Though Cianci spends ample air time complaining about the current administration, he also has broken news.

In the fall, he revealed how a handcuffed, breaking-and-entering suspect had been beaten by a Providence police officer in a parking lot — an assault caught on video by a nearby building's security camera. Prosecutors convened a grand jury, and a detective was indicted in February on a felony assault charge.

This month, Cianci conducted the first extensive interview of the beating victim, interspersing sympathetic questions with attacks on the police department — the same force tarnished under Cianci's administration by a scandal over cheating on a promotional exam.

"Where are our U.S. senators? Where's our congressmen? Why aren't they calling the Justice Department to get involved in this?" Cianci thundered. "I mean, come on, this is crazy."

He's also a commentator on Rhode Island's ABC television affiliate, where last month he got North Providence Mayor Charles Lombardi to allege on-air that he had been the target of a shakedown attempt over a municipal judgeship appointment.

"I've been there. You've been there too," Cianci said. "It happens."

Cianci's barbs are often personal, sometimes petty, reflecting a desire to preserve a legacy he feels is often disrespected. He tees off repeatedly on Cicilline, derisively calling him the "Teflon mayor" and reminding listeners that Cicilline's brother, a disbarred lawyer, was convicted of shaking down drug-dealing clients. He also repeatedly makes references to the recent drug-related arrests of four Providence police officers and the rape conviction of another.

"They talk about the new Providence as opposed to the old Providence. I kind of like the old Providence. They try to come in with all this stuff: 'The old Providence sucked, it was no good,'" Cianci lamented in one typical riff.

"That was the Providence where we built malls, where we relocated rivers ... where there weren't the potholes that there are today."

Cicilline and Police Chief Dean Esserman declined to comment. Cicilline typically refuses to engage Cianci, referring to him simply as "my predecessor."

Elected in 1974, Cianci was forced from office 10 years later after admitting he assaulted a man he believed was having an affair with his estranged wife.

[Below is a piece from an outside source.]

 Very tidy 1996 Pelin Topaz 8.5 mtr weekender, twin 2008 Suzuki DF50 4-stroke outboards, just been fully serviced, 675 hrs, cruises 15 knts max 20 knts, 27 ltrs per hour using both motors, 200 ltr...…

His weapons were a lit cigarette, an ashtray and a fireplace log.

Cianci won re-election in 1990, but was convicted in 2002 of presiding over vast City Hall corruption that included an FBI tape of his right-hand-man accepting cash bribes.

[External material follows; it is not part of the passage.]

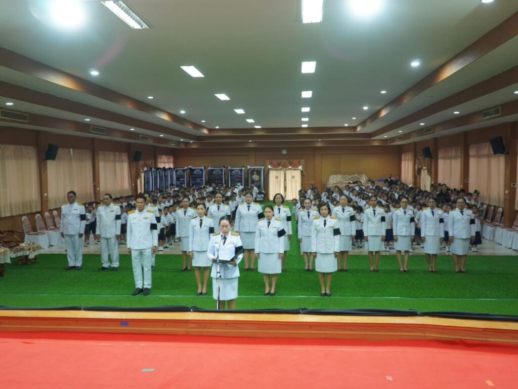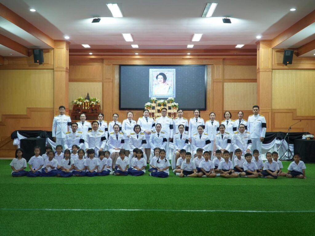 วันศุกร์ที่ 7 พฤศจิกายน 2568 เวลา 08.29 น. นางสาวนิตยา แสนใจกล้า ผู้อำนวยการโรงเรียนอนุบาลศรีวัฒนาวิทยา นำคณะผู้บริหาร คณะครู นักเรียนสายชั้นประถมศึกษาปีที่ 1-2 จำนวน 378 คน ร่วมในพิธีไว้อาลัยด้วยสำนึกในพระมหากรุณาธิคุณ สมเด็จพระนางเจ้าสิริกิติ์ พระบรมราชินีนาถ พระบรมราชชนนีพันปีหลวง พระผู้เสด็จสู่สวรรคาลัย ครบ 15 วัน (ปัณรสมวาร) โดยมีกิจกรรม ดังนี้

He remains popular with many Rhode Islanders who praise him for a gregarious and accessible demeanor and credit him for revitalizing a once-downtrodden Providence. His Facebook page of roughly 5,000 friends is full of fawning messages from supporters.

"I will not believe all the crap they say about you and defend you any chance I get," one wrote. Said another: "I listen to you everyday, your insight is amazing."

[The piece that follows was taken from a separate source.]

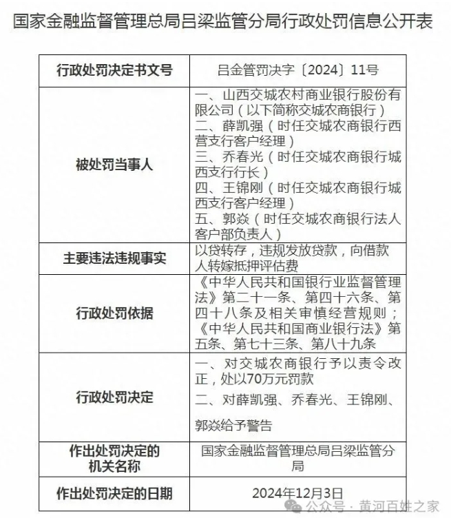 近日,據(jù)國家金融監(jiān)督管理總局呂梁監(jiān)管分局行政處罰信息公開表(呂金管罰決字〔2024〕11號)顯示,山西交城農(nóng)村商業(yè)銀行股份有限公司(以下簡稱交城農(nóng)商銀行)因以貸轉(zhuǎn)存、違規(guī)發(fā)放貸款、向借款人轉(zhuǎn)嫁抵押評估費(fèi)等被行政處罰依據(jù)《中華人民共和國銀行業(yè)監(jiān)督管理法》第二十一條、第四十六條、第四十八條及相關(guān)審慎經(jīng)營規(guī)則;《中華人民共和國商業(yè)銀行法》第五條、第七十三條、第八十九條,行政處罰決定 :對交城農(nóng)商銀行予以責(zé)令改正,處以70萬元罰款。

Though he craved — and often received — affection as mayor, Cianci professes not to care if someone doesn't like his show. Enough people do, he says.

"Listen to somebody else, listen to another radio station," Cianci scoffed one recent afternoon, applying makeup in preparation for a TV appearance later in the day. "What do you want from me? We have the highest-rated show. Apparently it's working."